Una situazione anomala
Serie: Rimozione
- Episodio 1: Riflessioni di un terapeuta
- Episodio 2: Un bravo fratello maggiore
- Episodio 3: Una situazione anomala
- Episodio 4: Nebbie e incontri
- Episodio 5: La resa dei conti
STAGIONE 1
Confesso che, nei giorni seguenti, quella semplice affermazione di mio fratello mi costrinse a rivedere gli appunti delle sedute con Aida.
Prima di tutto, provai a contarle, per farmi un’idea del tempo che aveva passato a ripropormi sempre lo stesso disperato copione, senza quasi alcuna variazione.
Mi sorprese scoprire che erano passati ormai cinque mesi. Era incredibile che non ci fosse traccia del più piccolo cambiamento di scenario.
Se Aida diceva la verità (e non avevo motivo di credere il contrario) il suo rapporto con Lelù non era né migliorato, né peggiorato. Non solo: non c’era nessuna variazione neppure nei motivi ricorrenti dei loro scontri.
Era come se, dal punto di vista psicologico, Aida non avesse mai iniziato alcuna terapia.
Scoprire questo mi provocò, lo riconosco, un leggero sconcerto professionale.
Lo so che si suppone che, in qualità di loro terapeuta, ogni piccolo disastro nelle giornate dei miei pazienti debba in qualche modo scatenarmi lo stesso panico che scatena a loro; e io sono piuttosto bravo a far sembrare che sia così, naturalmente.
In questo senso, non mi sottraggo mai volontariamente all’empatia.
Ma diciamocela tutta: gli esseri umani sanno essere incredibilmente noiosi, soprattutto quando parlano di ciò che, a loro modo di vedere, li rende speciali.
Perciò sì, sono colpevole: mi capita di selezionare automaticamente, tra le storie che mi sfileranno nelle orecchie nell’arco della giornata, quelle alle quali presterò particolare attenzione.
Il commento di Luca mi aveva appena costretto a rivedere la posizione di Aida nella topten dei miei pazienti preferiti.
“Ho visto ‘Imago Mortis.’”
Non era vero; ma Luca mi aveva promesso di cercarlo, così l’avremmo visto insieme.
Aida mi sorrise stancamente; come se avesse tutt’altro a cui pensare, ma apprezzasse comunque il mio tentativo.
Ci mettemmo comodi, e la seduta si svolse più o meno come sempre; salvo che, questa volta, mi premurai di notare quanto il copione da lei messo in scena fosse ripetitivo.
Una specie di ossessione? Una coazione a ripetere?
Senza farmi notare, cercavo di controllare il suo modo di muovere le mani, e la direzione del suo sguardo, mentre parlava.
Alla fine della seduta, tentai una mossa azzardata.
“Mi piacerebbe molto conoscere Lelù.”
Lo dissi più che altro per introdurre un elemento di sorpresa in quello che mi pareva uno schema fossilizzato, per scuotere quella sua sicurezza, di sapere così bene cosa stesse accadendo tra lei e sua figlia.
Mi aspettavo una reazione fobica.
Se avevo interpretato correttamente i segnali, Aida riteneva di essere la sola persona adatta a stare accanto a Lelù.

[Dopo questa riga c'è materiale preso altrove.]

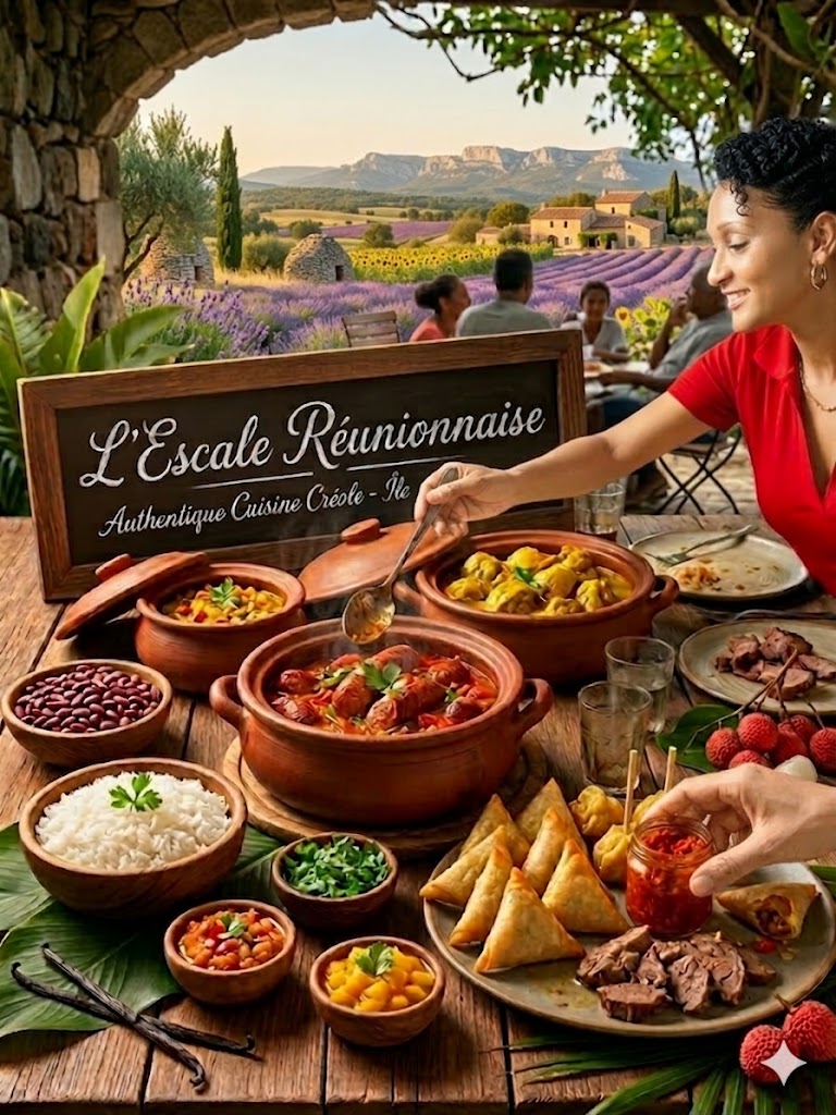 Avec L’Escale Réunionnaise , je recrée un petit bout de mon île à travers de la cuisine créole authentique, pleine de saveurs, de chaleur et de convivialité, comme autour d’une table sur mon île.
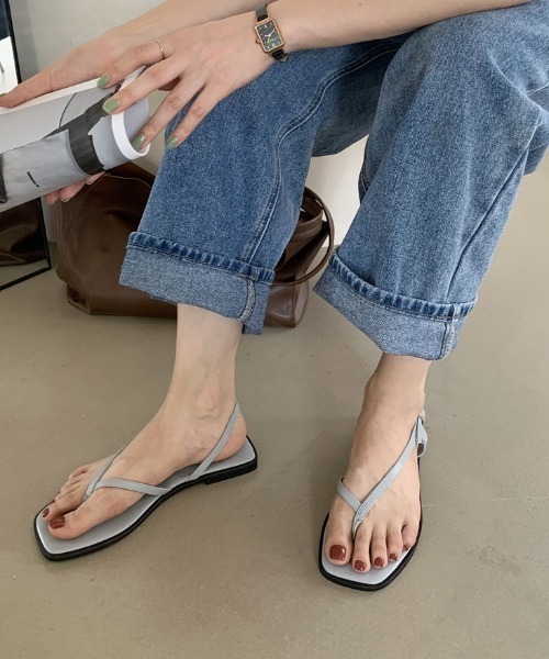 " 程よいシンプルさが今っぽい "❖point楽ちんなワンマイルシューズとしてデイリーに履いていただけます。リラックス感がありつつも、シックなデザインとカラーでカジュアルになりすぎないのも魅力。ストラップがついているので、固定され安定感もあります。どんなコーデにも合わせやすい、フラットサンダルです。シンプルなデザインなので、幅広い方におすすめのサンダルです。❖styling忙しい朝や、迷ったときはこれ!シンプルなコーデから、ストリート、フェミニンまでどんなコーデにもマッチ◎この夏一足は持っていたい、おすすめアイテムです。❖colorシンプルな夏っぽいホワイト合わせやすく使いやすいブラック落着き感のあるベージュ涼しげなブルー の4色展開です。韓国ファッションが好きな方は、必見です!【サイズについて】下記を目安にお考えください。 M:23.0-23.5cm L:24.0-24.5cmこちらの商品はセレクト・インポートアイテムのためサイズ感が日本規格のものとは異なります。お買い上げの際にはサイズチャートでご確認頂きますようお願いいたします。【お買い物をよりお楽しみいただくために】●商品のお気に入り登録(ハートマークをクリック)完売カラーの再入荷や、ラスト1点のお知らせ、セール情報などの通知を受け取ることができます。●ブランドのお気に入り登録新商品や再入荷など、お得な情報をいち早く受け取ることができます。●最短で翌日お届け商品をカートに入れた後、注文内容の確認ページで「即日配送」を選択していただければ、最短でご注文した翌日にお届け致します。是非ご利用頂き、お買い物をお楽しみください。
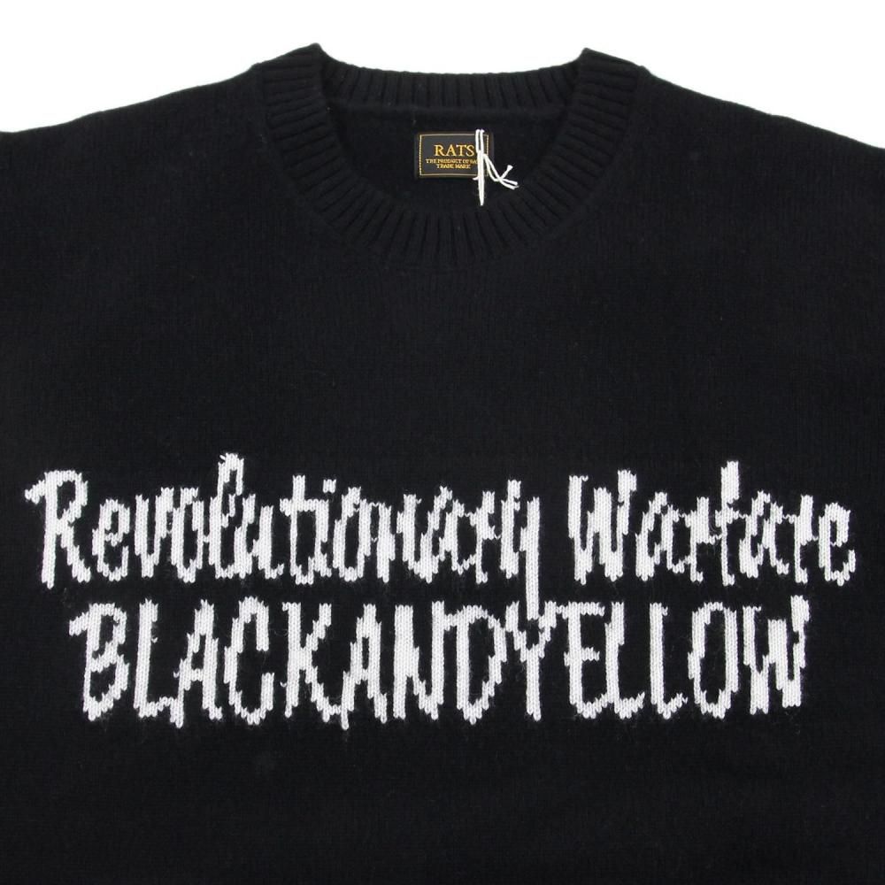 カシミヤ30%の極上の質感を有する、ウール/カシミヤの混紡糸を使用したクルーネックニット。フロントにREVOLUTIONARY WARFARE・BLACK AND YELLOWロゴをジャガードで表現したデザイン。襟・袖・裾に編み地の異なるリブを組み合わせた手の込んだ仕立てとなっている。レギュラーフィットシルエット
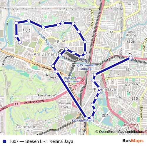 See why over 2 million users trust and consider busmaps.com as the best public transport website. busmaps gives you Petaling Jaya Buses suggested routes, real-time bus tracker, line route maps in Petaling Jaya, and helps to find the closest T607 bus stops near you. No internet available? Download an offline PDF map and bus schedule for the T607 bus to take on your trip.

Nulla, nessun fallimento, avrebbe mai potuto convincerla della necessità di spezzare quel circolo vizioso, inserendo – Dio non voglia! – un terzo giocatore.
Si sarebbe messa in allarme e la sua difficoltà avrebbe assunto inevitabilmente una forma iperprotettiva – all’apparenza, di Lelù; in realtà, del territorio che loro due sole, fino a quel momento, avevano condiviso.

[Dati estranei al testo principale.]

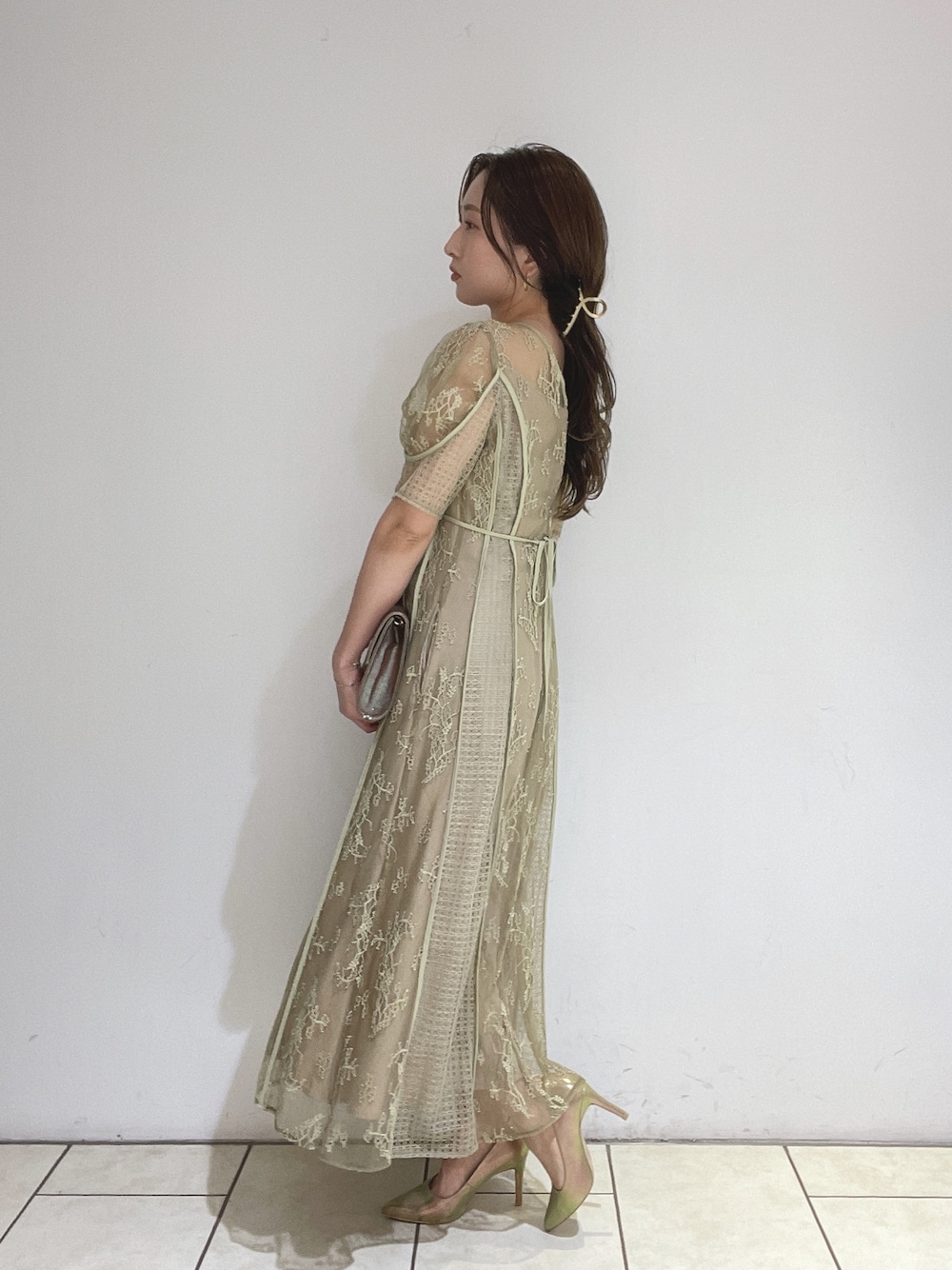 "360度着映えドレス" 【dress】 名前の通りどこから見てもレースの綺麗な デザインでお袖周りも立体感を出してくれ、 一段と女性らしいシルエットにしてくれます✨ 腰周りが気になる方でもラインが出過ぎず、 背中も程よく綺麗なVラインカッティング なのでバックスタイルも決まります🤍 【bag / shoes】 LAGUNAMOONのドレスに合うように お作りしておりラメでも艶感のあるラメなので オトナでも身に付けやすいお色味です🤍 色違いでシルバーもあるのでドレスに 合わせてお召し頂きたいです🤍 私の普段の足のサイズは( 23.5〜24.5 )なの ですが、ぴったりと履くならSサイズでした◎

La buona notizia è che io sono un uomo. Fossi stato donna, non avrebbe perso tempo ad innescare una reazione psicologicamente tanto faticosa.

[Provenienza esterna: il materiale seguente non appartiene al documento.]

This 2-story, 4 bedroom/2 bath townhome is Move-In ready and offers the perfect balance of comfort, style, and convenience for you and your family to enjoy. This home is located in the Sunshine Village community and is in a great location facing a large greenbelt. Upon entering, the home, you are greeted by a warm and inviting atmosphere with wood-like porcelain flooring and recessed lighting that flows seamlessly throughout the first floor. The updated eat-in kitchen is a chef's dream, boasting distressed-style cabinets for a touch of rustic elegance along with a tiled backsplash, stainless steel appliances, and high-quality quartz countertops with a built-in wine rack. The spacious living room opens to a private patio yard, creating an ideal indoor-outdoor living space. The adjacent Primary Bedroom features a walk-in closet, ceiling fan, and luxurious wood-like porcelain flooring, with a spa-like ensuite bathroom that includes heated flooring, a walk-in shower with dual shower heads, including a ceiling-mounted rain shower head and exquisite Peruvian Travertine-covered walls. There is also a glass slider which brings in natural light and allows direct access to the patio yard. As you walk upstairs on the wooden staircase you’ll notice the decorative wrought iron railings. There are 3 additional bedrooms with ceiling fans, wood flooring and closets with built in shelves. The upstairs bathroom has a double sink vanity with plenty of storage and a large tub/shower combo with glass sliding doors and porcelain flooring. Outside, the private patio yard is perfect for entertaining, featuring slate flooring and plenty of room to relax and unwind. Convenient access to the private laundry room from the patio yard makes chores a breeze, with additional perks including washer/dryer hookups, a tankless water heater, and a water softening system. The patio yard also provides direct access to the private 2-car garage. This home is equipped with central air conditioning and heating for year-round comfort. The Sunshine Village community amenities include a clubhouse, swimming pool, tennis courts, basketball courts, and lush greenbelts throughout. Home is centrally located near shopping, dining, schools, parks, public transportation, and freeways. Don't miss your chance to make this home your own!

Mi avrebbe semplicemente aperto la gola con il tagliacarte sulla scrivania, l’avrebbe ripulito dal sangue e dalle impronte, e sarebbe uscita di scena.
Non credo che quest’esperienza le avrebbe tolto il sonno. Semplicemente, da lì in avanti, ogniqualvolta un’altra madre avesse affermato, in sua presenza, di essere disposta a tutto pur di proteggere il proprio figlio, avrebbe sorriso e annuito, come chi sa.
A fatica distolsi l’immaginazione dal mio cadavere (femminile) riverso sul tappeto dello studio debitamente imbevuto di sangue, solo per accorgermi che Aida nel frattempo se n’era andata.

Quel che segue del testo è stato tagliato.